If you don't want to build your own openblas, openblas comes with openblas.pc, i.e. you can get info about it via pkg-config, or rather, PKG_CHECK_MODULES etc. Here is what we do in Sage https://github.com/sagemath/sage/blob/develop/build/pkgs/openblas/spkg-configure.m4
Admittedly, complicated - the problem is that different Linux distros package openblas differently, sometimes you need a separate libcblas, etc (but please ask questions about it, I wrote an initial version of that monster after all :-))
Fixed in #3461
Word on the street is that this blas is far better than the default blas, on Ubuntu at least, and probably other linuxes too. After compiling it, I think that the new library just needs to be added on the link library list. It was recommended to me that we compile it from source, to better use the facilities on each target machine. However, we should probably also allow the use of the ubuntu openblas package for building distributions.
It would be nice to allow the use of openblas, and if it is actually far superior, make it the default. On mac's though, we currently use the Accelerate framework, which seems to be very good.

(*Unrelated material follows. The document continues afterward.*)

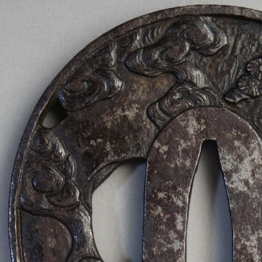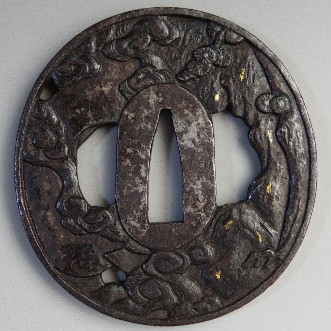 鉄地に、岩窟で賢人が巻物を読む図が彫り込まれた鍔です。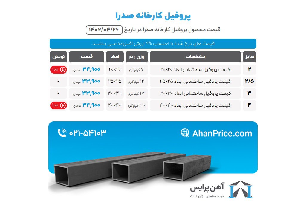 شرکت بازرگانی رادبرش اسپیدان پروفیل قوطی پروفیل ضخامت۹۰در۹۰ پروفیل ضخامت۷۰در۷۰ پروفیل ضخامت۴۰در۸۰ پروفیل ضخامت۴۰در۴۰ مدیریت(صادقی) ☎️09132947031 مدیر فروش(مهرعلیان) ☎️09002947031 📞031-37353471 📞031-37353472 📞031-37353477 ⭕عرضه محصولات فولادی ورق (سیاه،روغنی،گالوانیزه)

Even there though, it might be good to compare them.
There are several reasons for this request, but my main interest right at the moment is to improve the speed of rank computations in ffpack (which is used in the fast non-minimal free resolution code). Currently, if I compare across machines, I find that Ubuntu is perhaps 5-10 times slower at such computations than on my mac laptop, which is a year or two old.
I will add in benchmarks to check this, and so we can see what any actual improvement is.